Mikayla sentiu-se culpada por suas críticas e por seu egoísmo: agora sentia-se terrível! Fiolon a puxou contra si e beijou-lhe a testa, rindo da confusão que se instalou na mente da Arquimaga. Ela sempre fora cabeça dura, não media palavras muito menos as consequências dos seus atos. Cabia à ele as ponderações necessárias para fazê-la enxergar por outros ângulos. E nesta discussão acabou esquecendo-se de perguntar sobre a  estranha sensação que sentira durante a sua vistoria.


– Você meu querido, sempre tão sensato! Perde-se a vontade de trocar qualquer veneno com você!
– Nunca foi meu forte, você sempre soube! Aliás, nossa castidade ainda é assunto da corte?
– Nada! Seu plano foi perfeito!

Fiolon sorriu, lembrando o acontecido: na manhã seguinte a noite de núpcias o casal de adultos presos em corpos de criança foi despertado por batidas um pouco mais austeras na porta. Perceberam que estava bem tarde, mas o cansaço da festa ainda permanecia em seus corpos e eles desejavam continuar na cama; as batidas insistentes, no entanto, não deixavam.
– Não abra a porta agora! – murmurou Fiolon, assim que viu Mikayla intentando em fazê-lo, procurando em algumas gavetas até encontrar um objeto pontiagudo o suficiente com o qual pudesse cortar a palma da mão.
– O que está fazendo?? –Mikayla perguntou, assustada. O servo ou seja lá quem fosse, havia desistido.
– Estou complementando nossa farsa. Assim que sairmos deste quarto virão bisbilhotar a nossa cama.
Mikayla ficou horrorizada:
– Acha que ousariam entrar sem estarmos aqui?
– Já entraram conosco aqui: ou você acha que a bandeja de café da manhã veio por mágica? – e vendo que Mikayla permanecia escandalizada, tentou tranquilizá-la – Você passou muito tempo presa na torre, meu amor, esqueceu como os servos são treinados para serem silenciosos e invisíveis pelos palácios. Exceto claro, este que com certeza foi enviado para nos acordar...
– Ou saber se estamos vivos!
Ambos riram, mas Fiolon permaneceu concentrado no que fazia. Ao pressionar a mão cortada na cama, Mikayla finalmente entendeu suas intenções.
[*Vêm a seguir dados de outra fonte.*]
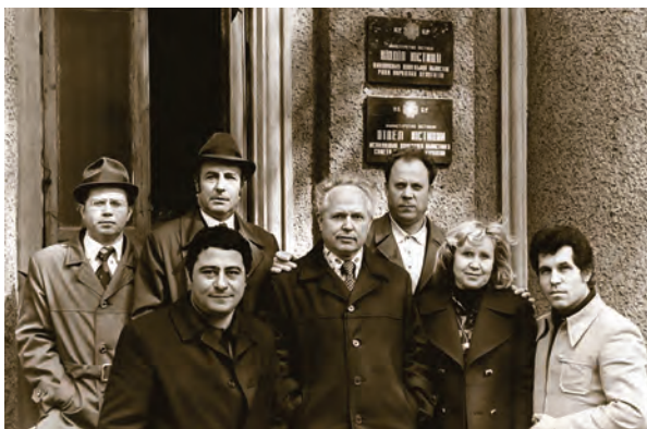
С коллегами из прокуратуры. 1980

За это время я разработала ряд важных мер, касающихся экономических и налоговых преступлений. Следует помнить о том, что очень важно не упустить время, так как в соответствии с НК РФ жалоба в вышестоящий налоговый орган подается в течение трех месяцев со дня, когда налогоплательщик узнал или должен был узнать о нарушении своих прав.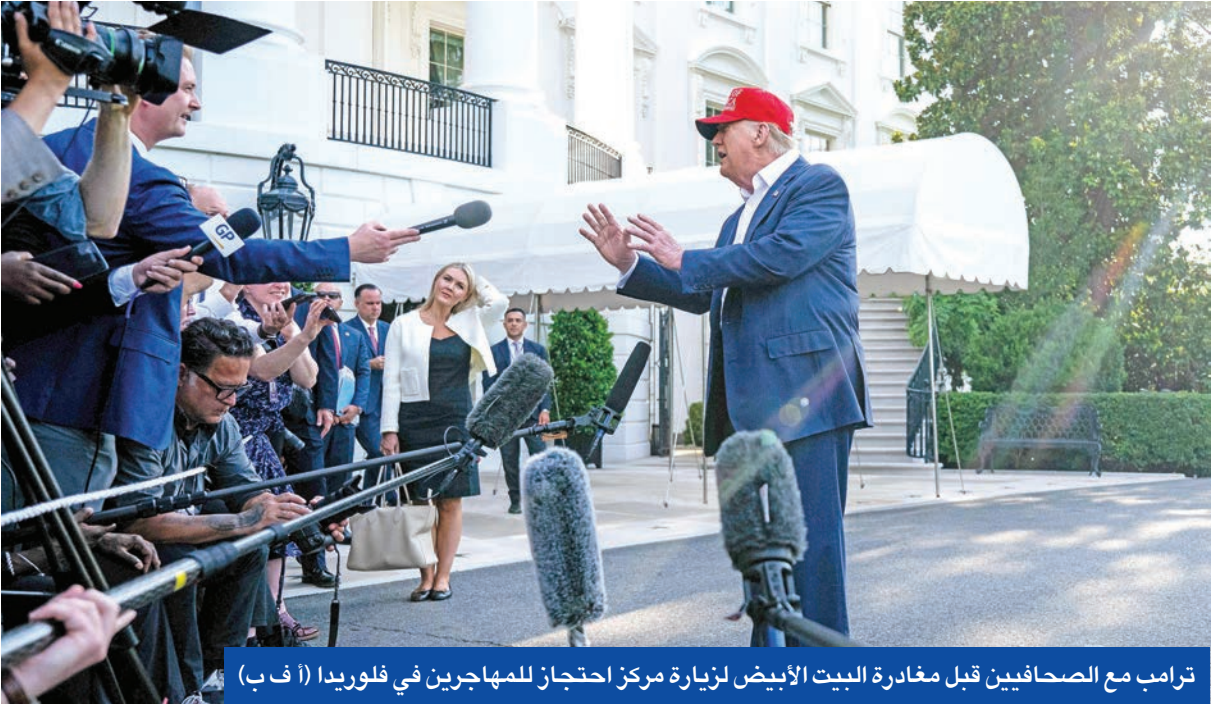
ترامب مع الصحفيين قبل مغادرة البيت الأبيض لزيارة مركز احتجاج للمهاجرين في فلوريدا

● الاحتلال يصعدّ في غزة... وتنسيق مصري - قطري لدفع الهدنة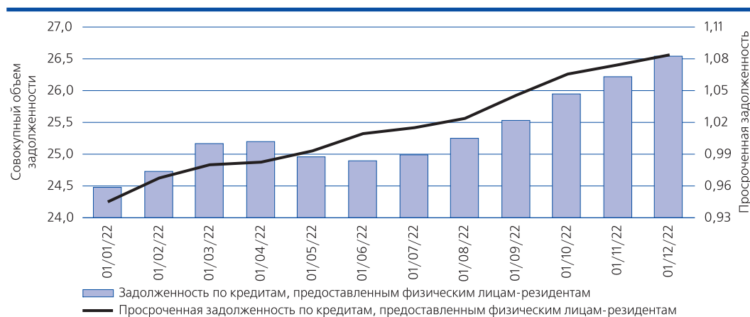
Рис. 2. Совокупный объем задолженности и просроченная задолженность по кредитам, предоставленным физическим лицам-резидентам, трлн руб.

Источник: URL: https://www.cbr.ru/vfs/statistics/BankSector/Mortgage/02_05_Debt_ind.xlsx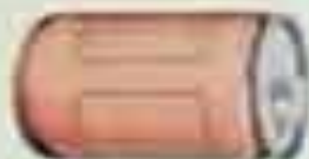
Пивная банка 0,33 л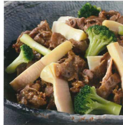
筍と牛肉の炒め物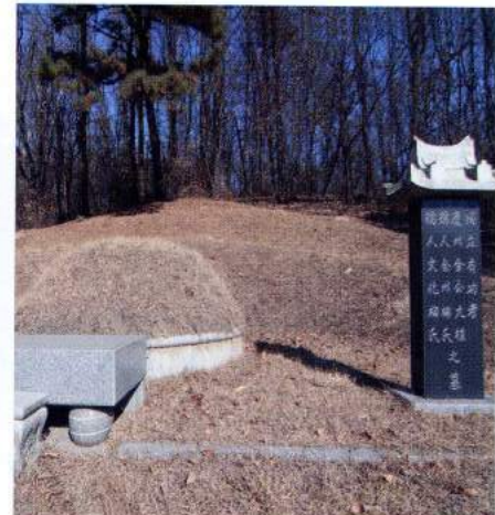
김구식 묘(용인시 기흥구 하갈동)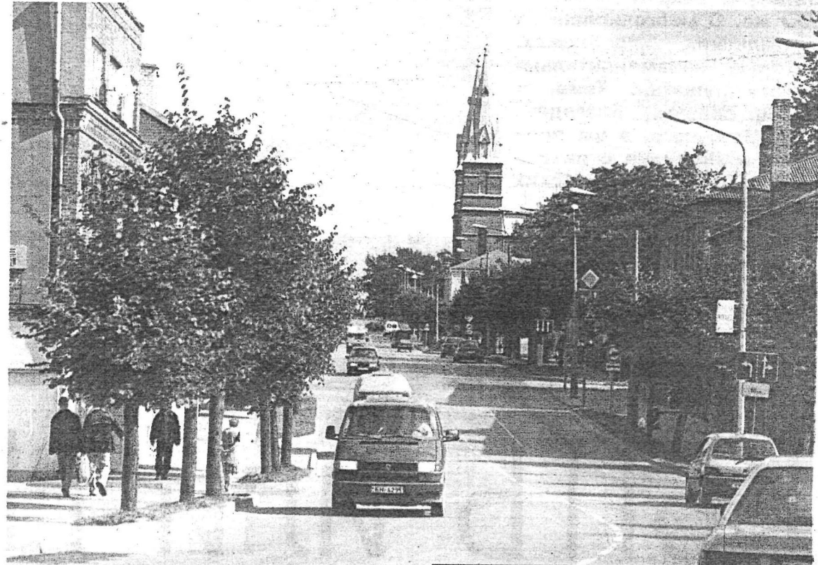
...а это — та же улица (см. стр. 5) в 2005 году.

отца заключалась в том, чтобы сначала создать автономию в составе России, а затем думать о возможности присоединения оккупированной Латвии к самостоятельной Латгалии. Напомним, Курземе и Земгале находились в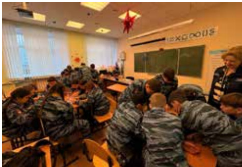
Квиз по-камазовски увлёл всех

В этот день вместе с камазовцами в «Калкан» пришли представители детского технопарка «Кванториум». Вместе с ними ученики изучали мир цифрового дизайна и нанотехнологий, а ещё каждый сделал для себя памятный подарок — значок с аргамаком!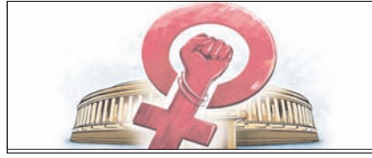
सही समय: महिला आरक्षण से बदलेगी भारतीय लोकतंत्र की तस्वीर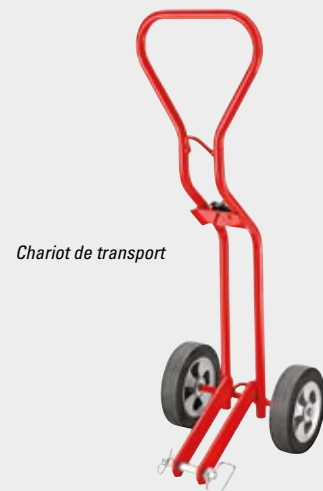
Chariot de transport

(TOOLTIP) Lorsque vous utilisez les coupe-tubes 258 et 258XL avec des longs tubes, vous devez impérativement soutenir correctement le tube pour éviter d'endommager la molette. Des servantes de tube supplémentaires peuvent s'avérer nécessaires et la zone de travail doit être de niveau.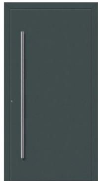
M1 | RAL 7012 Basaltgrau

Corou.
– Eu não quero mais ninguém questionando nossa virgindade – ele disse percebendo seu constrangimento.
– Espero que isto não o machuque... – murmurou ela, ainda sem saber direito o que dizer. Referia-se ao ato de Fiolon ter-se cortado, mas ele entendeu de outra forma:
– A mim? Só agora, ao me cortar... – ele tomou-lhe a frente da camisola e também a sujou, murmurando um encantamento de cicatrização para o ferimento logo em seguida. Admirava a perfeição de seu trabalho quando notou que Mikayla ainda estava acanhada – Ei, não se preocupe: farei o máximo para não provocar nenhum incômodo quando realmente acontecer está bem? Serei tão inexperiente quanto você, e poderemos rir de nossas trapalhadas depois: só isto será o suficiente para ser memorável! – E percebendo que ela sorria, beijou-lhe a face como quem rouba a demonstração deste afeto. – Agora vista um roupão e deixe as servas verem isto ao te trocarem.
– Quando você ficou tão prático?


O plano deu certo como o mago previra: antes do cair da tarde todos no castelo sabiam como fora encontrado o leito nupcial – a história incluía seus devidos acréscimos dependendo de quem a contava. Os reis, especialmente a Rainha de Laboruwenda, ficaram satisfeitos quando a fofoca chegou até os seus ouvidos: aquilo selava a palavra dada pelo casal de que não cometeram imoralidades enquanto estavam sobre a tutela da Arquimaga. Não que isto, de fato, fizesse diferença em uma corte, mas era necessário que tais atos permanecessem sempre por trás das paredes ou debaixo dos lençóis onde ocorriam.